WHAT IS BEING ASKED: Copy the entries below word for word, minus the pictures.
++++ RECORDS FOR THIS EXERCISE
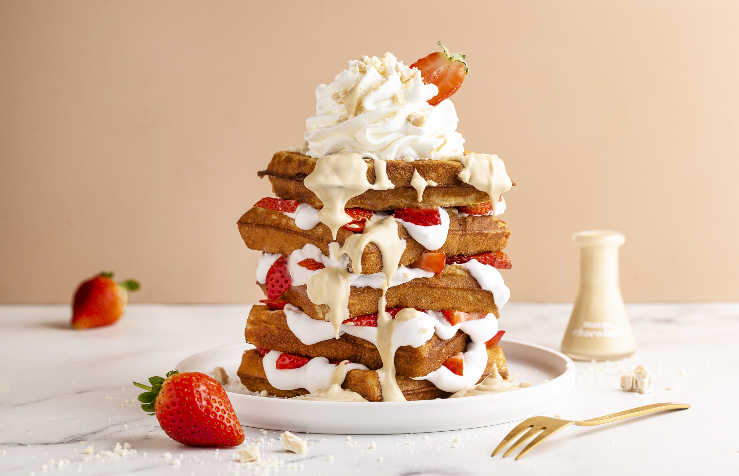 שלושה וופלים חמימים מוכנים להיטרף, עם תותים טריים, קצפת, שבבי שוקולד לבן, גלידת וניל, כדורי וופל, רוטב תותים, פירורים ושוקו חם שנשפך מעל. שיתוף מעולם לא היה מתוק כל כך.
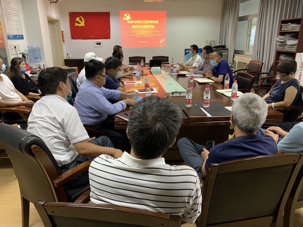 9月8日下午,机械与材料工程学院党委理论学习中心组学习会在博才楼203室召开。学院班子成员、党委委员、系/中心主任、责任教授、工程中心主任以及有关责任教师参加了集中学习。会议由院党委书记王文革主持。 学习会认真学习了习近平总书记在全国抗击新冠肺炎疫情表彰大会上的讲话。习近平总书记在讲话中指出:我们坚持人民至上、生命至上,以坚定果敢的勇气和坚韧不拔的决心,同时间赛跑、与病魔较量,迅速打响疫情防...
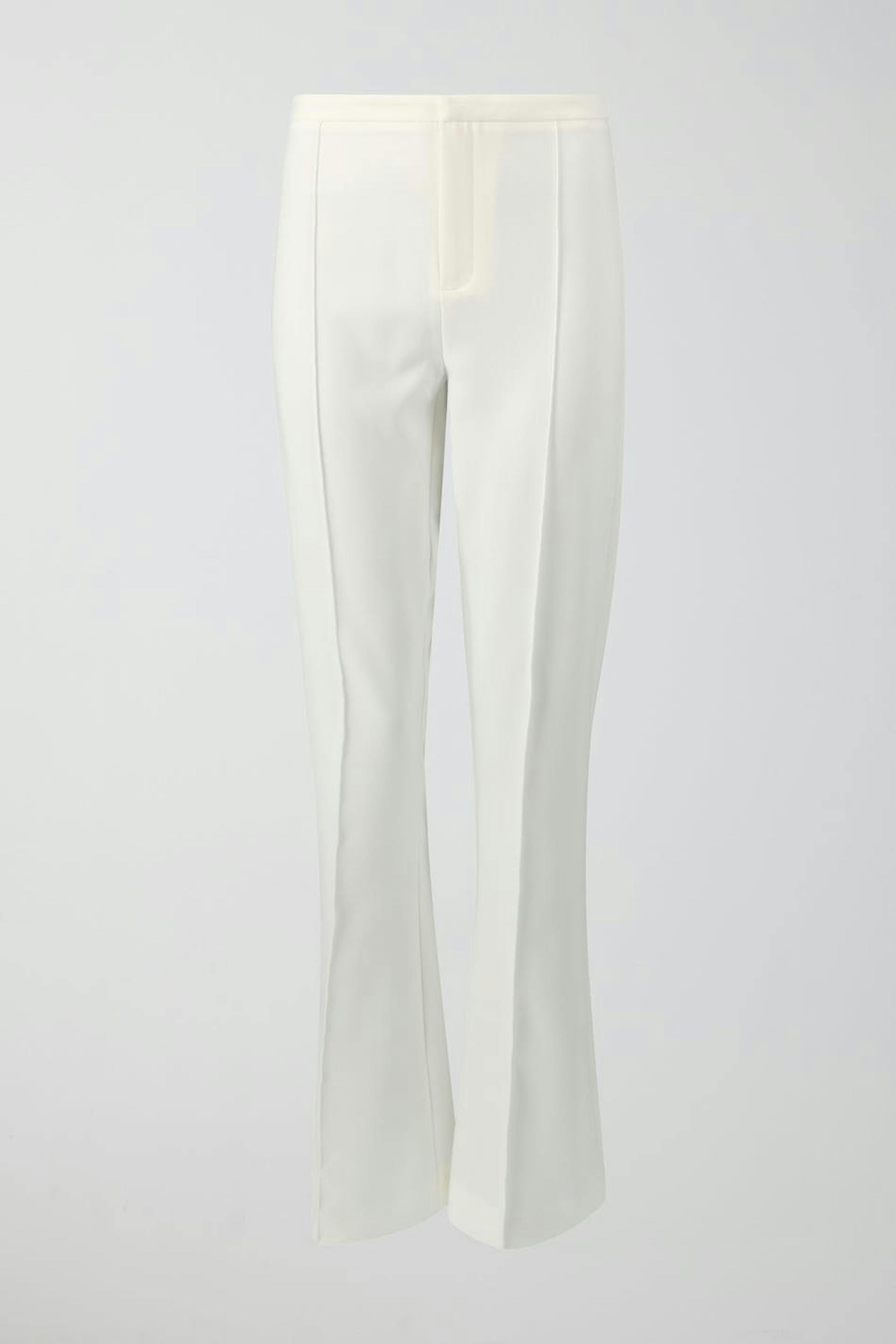 Joustavat puvunhousut korkealla vyötäröllä. Housut ovat valkoisia ja niissä on slim-leikkaus. Niissä on flare-lahkeet, vetoketjusepalus ja kahden kantin tasku takana. Sinulle, joka olet ainakin 176 cm pitkä.
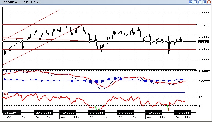 Пара продолжает находиться в коридоре 1,0090 — 1,0200, от нижней границы которого она оттолкнулась в пятницу, однако это движение не демонстрирует силы: гистограмма MACD на часовом графике готовится пересечь нулевую линию вниз. На дневном графике пара остается в восходящем треугольнике. Пока стоит воздержаться от решения относительно движения пары.
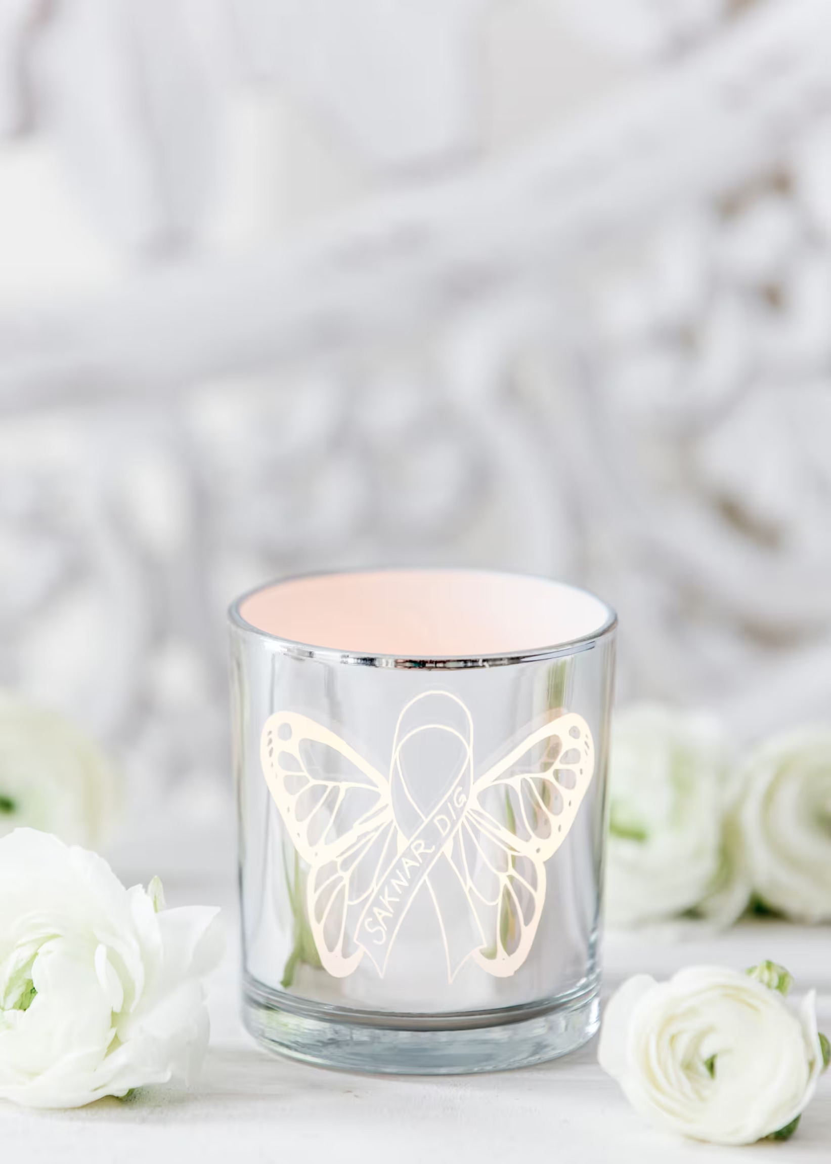 Ljuslyktan själv är tillverkad i transparent glas och har ett reflekterande yttre lager som fångar och återger ljuset på ett subtilt sätt. Detta ger ett mjukt skimmer när lyktan är tänd. På glasets yta finns ett utskuret motiv av en fjäril, vilket tillför ett detaljrikt element till designen. Mitt i fjärilsmotivet finns orden "Saknar Dig" ingraverade, vilket ger ljuslyktan en personlig och minnesvärd touch.
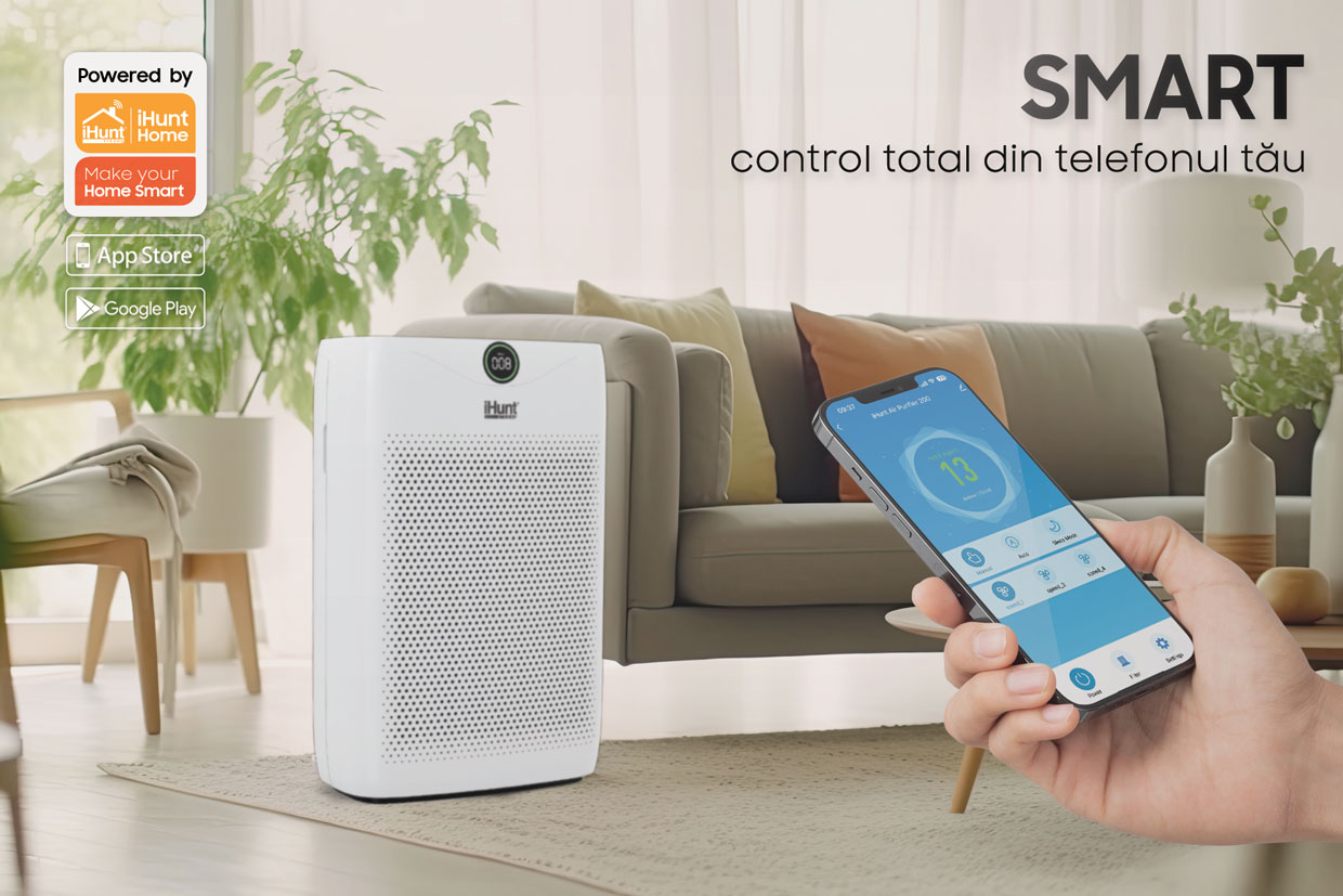 Și pentru că trăim în era digitală, acest purificator de aer vine cu o funcție smart, permițându-vă să-l controlați de la distanță. Fie că sunteți la birou sau în oraș, puteți ajusta setările purificatorului direct de pe smartphone, pentru a vă asigura că veți reveni într-un cămin cu aer curat și proaspăt. Sună interesant? Încearcă-l!
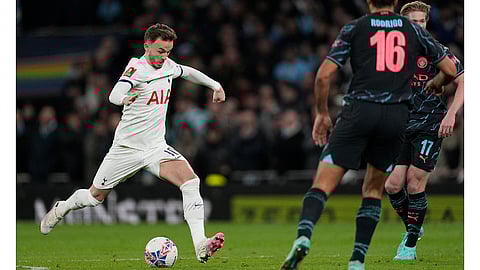 Tottenham's James Maddison passes the ball during the English FA Cup fourth round soccer match between Tottenham Hotspur and Manchester City in London.
++++++++
SOLUTION TO THE EXERCISE:
 שלושה וופלים חמימים מוכנים להיטרף, עם תותים טריים, קצפת, שבבי שוקולד לבן, גלידת וניל, כדורי וופל, רוטב תותים, פירורים ושוקו חם שנשפך מעל. שיתוף מעולם לא היה מתוק כל כך.
 9月8日下午,机械与材料工程学院党委理论学习中心组学习会在博才楼203室召开。学院班子成员、党委委员、系/中心主任、责任教授、工程中心主任以及有关责任教师参加了集中学习。会议由院党委书记王文革主持。 学习会认真学习了习近平总书记在全国抗击新冠肺炎疫情表彰大会上的讲话。习近平总书记在讲话中指出:我们坚持人民至上、生命至上,以坚定果敢的勇气和坚韧不拔的决心,同时间赛跑、与病魔较量,迅速打响疫情防...
 Joustavat puvunhousut korkealla vyötäröllä. Housut ovat valkoisia ja niissä on slim-leikkaus. Niissä on flare-lahkeet, vetoketjusepalus ja kahden kantin tasku takana. Sinulle, joka olet ainakin 176 cm pitkä.
 Пара продолжает находиться в коридоре 1,0090 — 1,0200, от нижней границы которого она оттолкнулась в пятницу, однако это движение не демонстрирует силы: гистограмма MACD на часовом графике готовится пересечь нулевую линию вниз. На дневном графике пара остается в восходящем треугольнике. Пока стоит воздержаться от решения относительно движения пары.
 Ljuslyktan själv är tillverkad i transparent glas och har ett reflekterande yttre lager som fångar och återger ljuset på ett subtilt sätt. Detta ger ett mjukt skimmer när lyktan är tänd. På glasets yta finns ett utskuret motiv av en fjäril, vilket tillför ett detaljrikt element till designen. Mitt i fjärilsmotivet finns orden "Saknar Dig" ingraverade, vilket ger ljuslyktan en personlig och minnesvärd touch.
 Și pentru că trăim în era digitală, acest purificator de aer vine cu o funcție smart, permițându-vă să-l controlați de la distanță. Fie că sunteți la birou sau în oraș, puteți ajusta setările purificatorului direct de pe smartphone, pentru a vă asigura că veți reveni într-un cămin cu aer curat și proaspăt. Sună interesant? Încearcă-l!
 Tottenham's James Maddison passes the ball during the English FA Cup fourth round soccer match between Tottenham Hotspur and Manchester City in London.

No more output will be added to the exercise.